TASK TO COMPLETE |
Print out the data below in full and exactly, skipping the pictures.

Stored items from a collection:
========================================

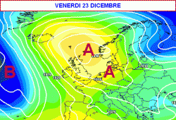 Infine, volendoci spingere tra le maglie del Fantameteo più puro, sembra possibile l’isolamento della struttura altopressoria in sede scandinava nella giornata di venerdì 23 dicembre (terza mappa).
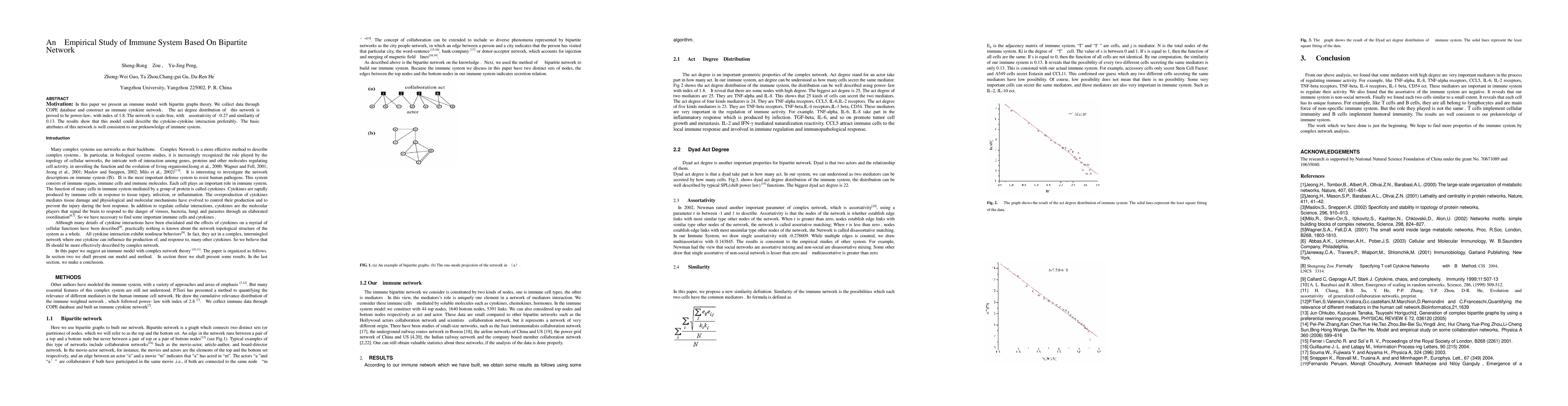 This study models the immune system using bipartite network theory, revealing a power-law distribution in the immune cell-mediator network. Key mediators like TNF-alpha and IL-8 are identified as crucial for regulating immune activity, highlighting the unique features of individual cells.
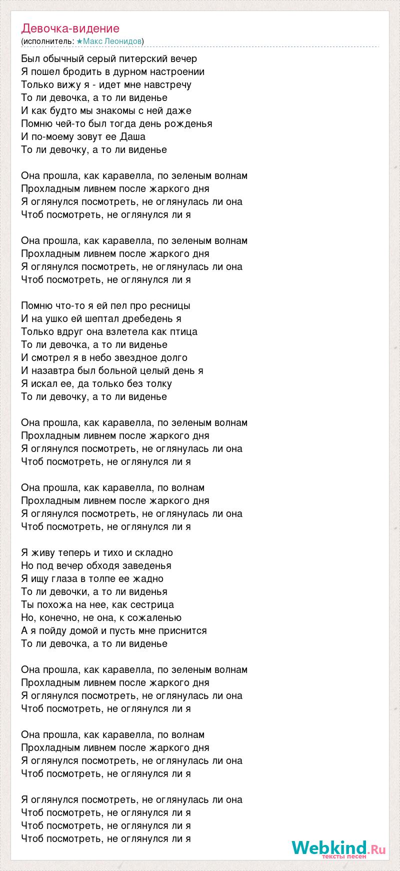 Был обычный серый питерский вечер Я пошел бродить в дурном настроении Только вижу я - идет мне навстречу То ли девочка, а то ли виденье И как будто мы знакомы с ней даже Помню чей-то был тогда день рожденья И по-моему зовут ее Даша То ли девочку, а то ли виденье Она прошла, как каравелла, по зеленым волнам Прохладным ливнем после жаркого дня Я оглянулся посмотреть, не оглянулась ли она Чтоб посмотреть, не оглянулся ли я Она прошла, как каравелла, по зеленым волнам Прохладным ливнем после жаркого дня Я оглянулся посмотреть, не оглянулась ли она Чтоб посмотреть, не оглянулся ли я Помню что-то я ей пел про ресницы И на ушко ей шептал дребедень я Только вдруг она взлетела как птица То ли девочка, а то ли виденье И смотрел я в небо звездное долго И назавтра был больной целый день я Я искал ее, да только без толку То ли девочку, а то ли виденье Она прошла, как каравелла, по зеленым волнам Прохладным ливнем после жаркого дня Я оглянулся посмотреть, не оглянулась ли она Чтоб посмотреть, не оглянулся ли я Она прошла, как каравелла, по волнам Прохладным ливнем после жаркого дня Я оглянулся посмотреть, не оглянулась ли она Чтоб посмотреть, не оглянулся ли я Я живу теперь и тихо и складно Но под вечер обходя заведенья Я ищу глаза в толпе ее жадно То ли девочки, а то ли виденья Ты похожа на нее, как сестрица Но, конечно, не она, к сожаленью А я пойду домой и пусть мне приснится То ли девочка, а то ли виденье Она прошла, как каравелла, по зеленым волнам Прохладным ливнем после жаркого дня Я оглянулся посмотреть, не оглянулась ли она Чтоб посмотреть, не оглянулся ли я Она прошла, как каравелла, по волнам Прохладным ливнем после жаркого дня Я оглянулся посмотреть, не оглянулась ли она Чтоб посмотреть, не оглянулся ли я Я оглянулся посмотреть, не оглянулась ли она Чтоб посмотреть, не оглянулся ли я Чтоб посмотреть, не оглянулся ли я Чтоб посмотреть, не оглянулся ли я
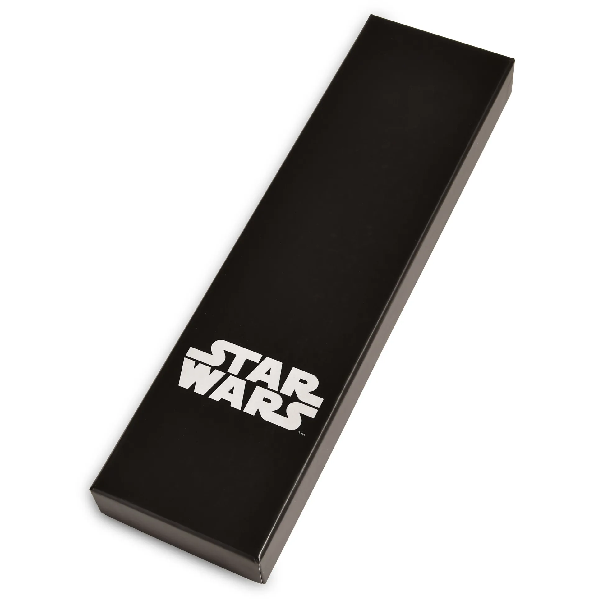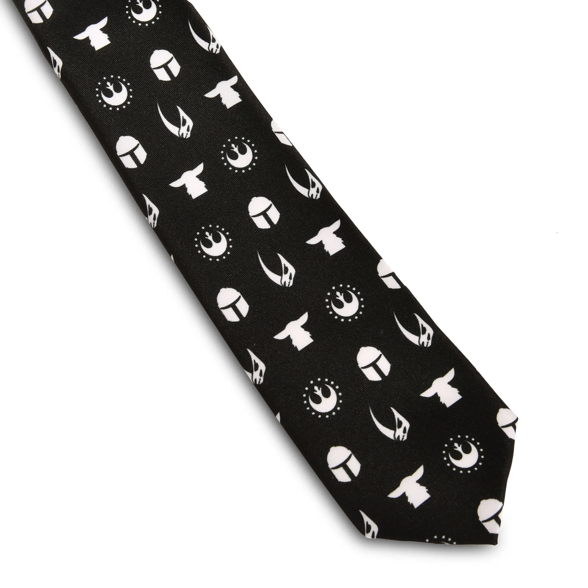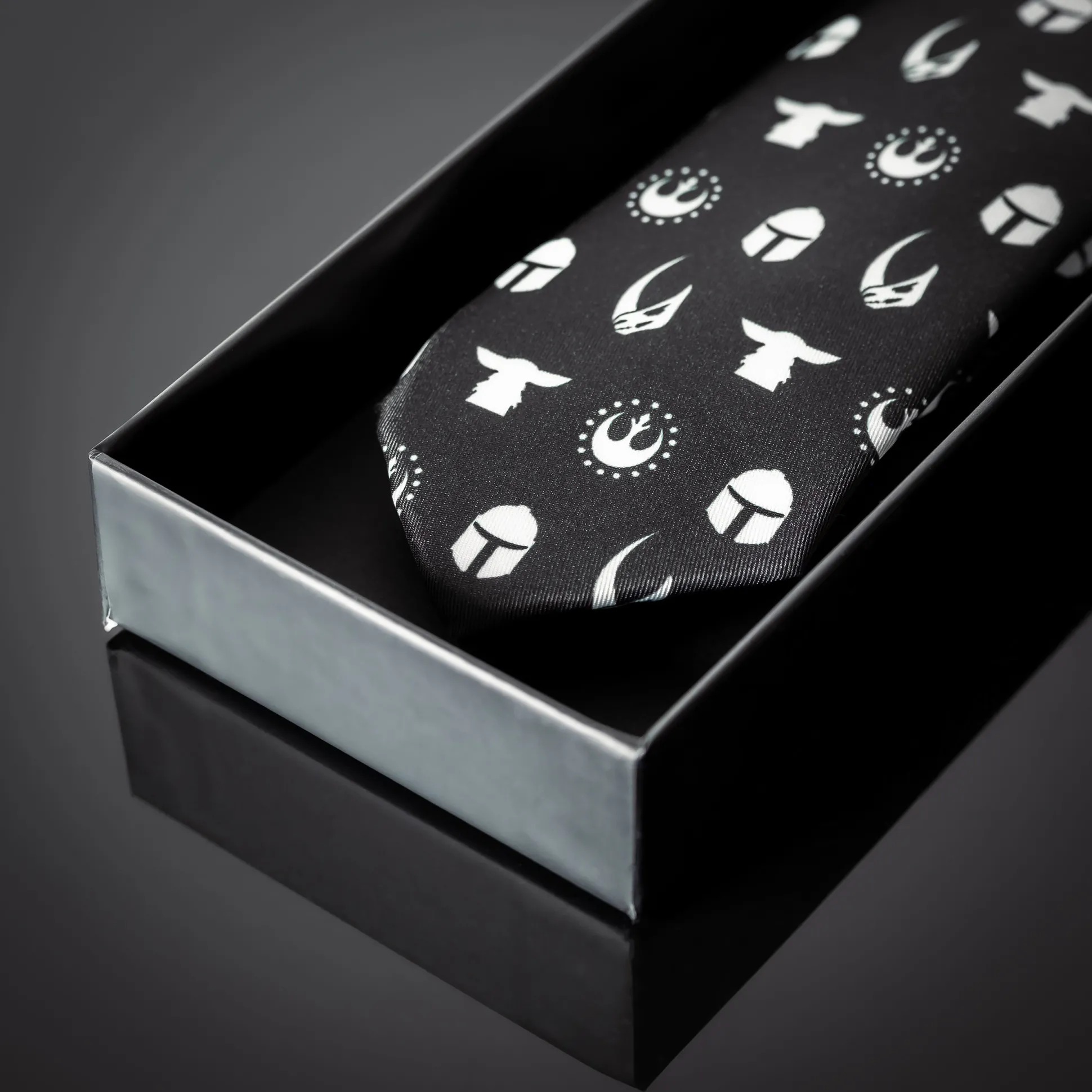 Dresscode: bounty hunter chic. Deze officieel gelicentieerde Star Wars-stropdas stopt The Mandalorian-symbolen in een strak zwart-wit design: Grogu, de Mandalorian-helm, de Nieuwe Republiek en de Clan Mudhorn zijn allemaal van de partij. Moderne look, zacht gevoel — knoopt als een droom en draagt de hele dag comfortabel. Met 152 cm lengte klaar voor kantoor, date night of de volgende con. Subtiel genoeg voor de boardroom, nerdy genoeg voor de cantina. Dit is de weg.
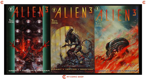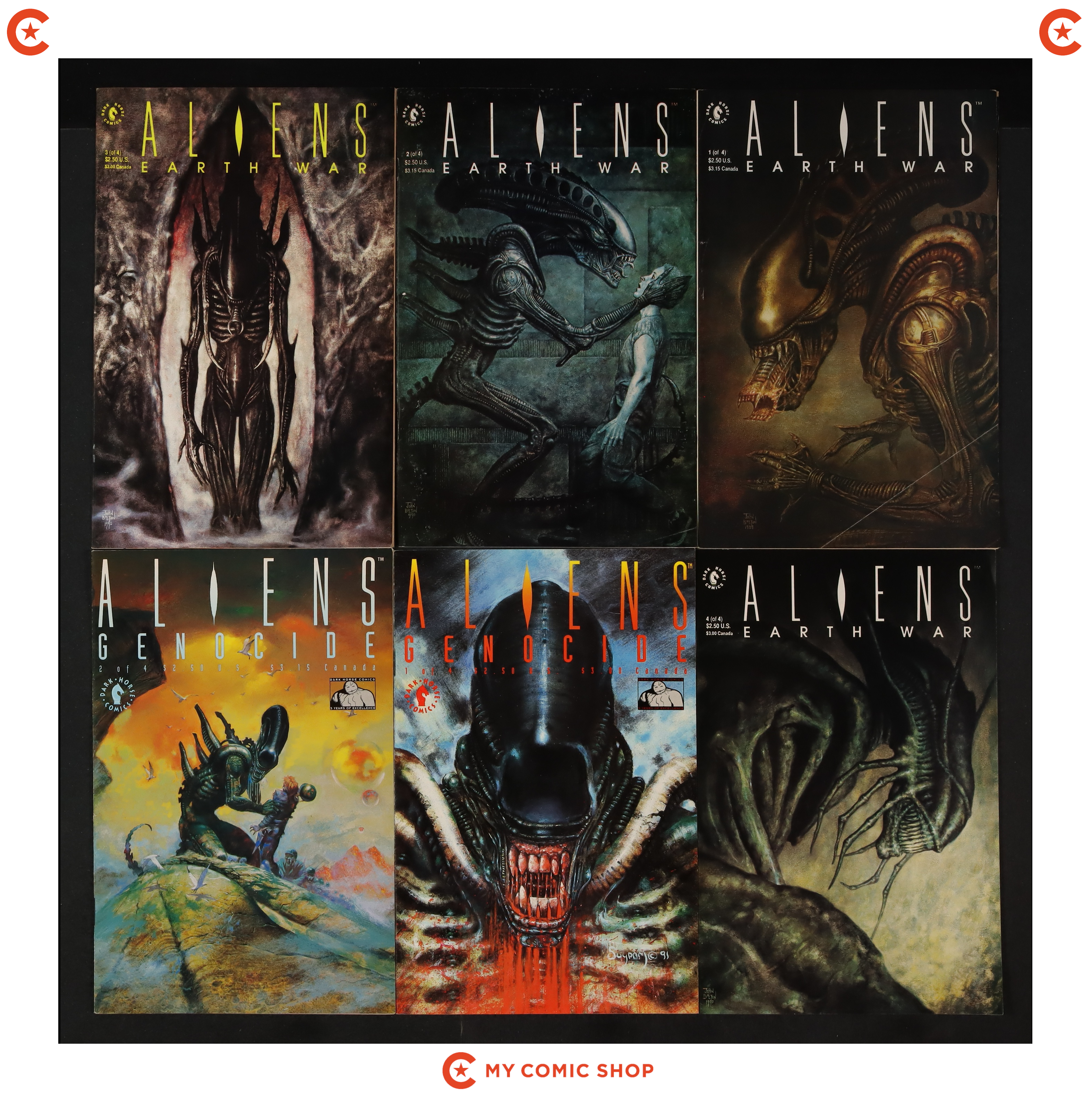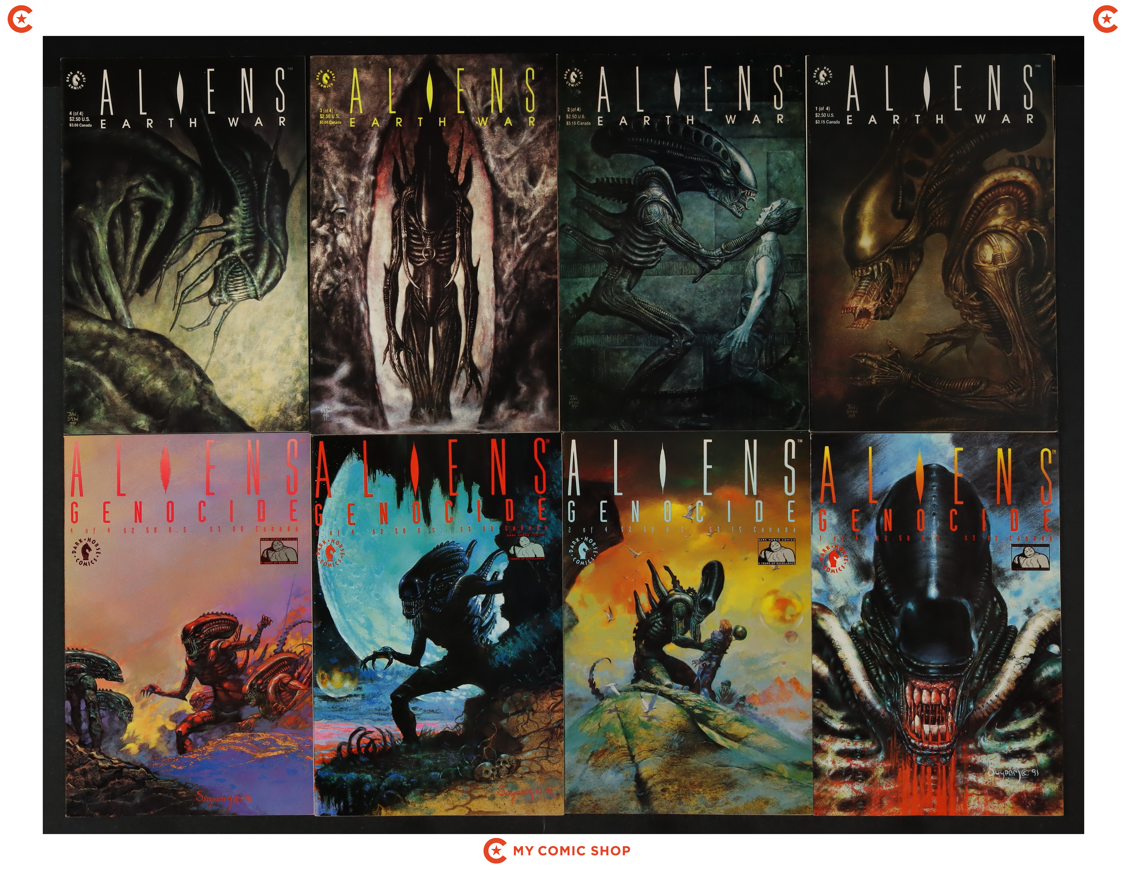 Issues 1-4 of Aliens Earth War (1990), issue 1-4 of Aliens Genocide (1991), and issues 1-3 of Alien 3 Movie Adaptation (1992). Most will grade in the FN to VF range.

========================================

ANSWER FOR THE TASK |
 Infine, volendoci spingere tra le maglie del Fantameteo più puro, sembra possibile l’isolamento della struttura altopressoria in sede scandinava nella giornata di venerdì 23 dicembre (terza mappa).
 This study models the immune system using bipartite network theory, revealing a power-law distribution in the immune cell-mediator network. Key mediators like TNF-alpha and IL-8 are identified as crucial for regulating immune activity, highlighting the unique features of individual cells.
 Был обычный серый питерский вечер Я пошел бродить в дурном настроении Только вижу я - идет мне навстречу То ли девочка, а то ли виденье И как будто мы знакомы с ней даже Помню чей-то был тогда день рожденья И по-моему зовут ее Даша То ли девочку, а то ли виденье Она прошла, как каравелла, по зеленым волнам Прохладным ливнем после жаркого дня Я оглянулся посмотреть, не оглянулась ли она Чтоб посмотреть, не оглянулся ли я Она прошла, как каравелла, по зеленым волнам Прохладным ливнем после жаркого дня Я оглянулся посмотреть, не оглянулась ли она Чтоб посмотреть, не оглянулся ли я Помню что-то я ей пел про ресницы И на ушко ей шептал дребедень я Только вдруг она взлетела как птица То ли девочка, а то ли виденье И смотрел я в небо звездное долго И назавтра был больной целый день я Я искал ее, да только без толку То ли девочку, а то ли виденье Она прошла, как каравелла, по зеленым волнам Прохладным ливнем после жаркого дня Я оглянулся посмотреть, не оглянулась ли она Чтоб посмотреть, не оглянулся ли я Она прошла, как каравелла, по волнам Прохладным ливнем после жаркого дня Я оглянулся посмотреть, не оглянулась ли она Чтоб посмотреть, не оглянулся ли я Я живу теперь и тихо и складно Но под вечер обходя заведенья Я ищу глаза в толпе ее жадно То ли девочки, а то ли виденья Ты похожа на нее, как сестрица Но, конечно, не она, к сожаленью А я пойду домой и пусть мне приснится То ли девочка, а то ли виденье Она прошла, как каравелла, по зеленым волнам Прохладным ливнем после жаркого дня Я оглянулся посмотреть, не оглянулась ли она Чтоб посмотреть, не оглянулся ли я Она прошла, как каравелла, по волнам Прохладным ливнем после жаркого дня Я оглянулся посмотреть, не оглянулась ли она Чтоб посмотреть, не оглянулся ли я Я оглянулся посмотреть, не оглянулась ли она Чтоб посмотреть, не оглянулся ли я Чтоб посмотреть, не оглянулся ли я Чтоб посмотреть, не оглянулся ли я
 Dresscode: bounty hunter chic. Deze officieel gelicentieerde Star Wars-stropdas stopt The Mandalorian-symbolen in een strak zwart-wit design: Grogu, de Mandalorian-helm, de Nieuwe Republiek en de Clan Mudhorn zijn allemaal van de partij. Moderne look, zacht gevoel — knoopt als een droom en draagt de hele dag comfortabel. Met 152 cm lengte klaar voor kantoor, date night of de volgende con. Subtiel genoeg voor de boardroom, nerdy genoeg voor de cantina. Dit is de weg.
 Issues 1-4 of Aliens Earth War (1990), issue 1-4 of Aliens Genocide (1991), and issues 1-3 of Alien 3 Movie Adaptation (1992). Most will grade in the FN to VF range.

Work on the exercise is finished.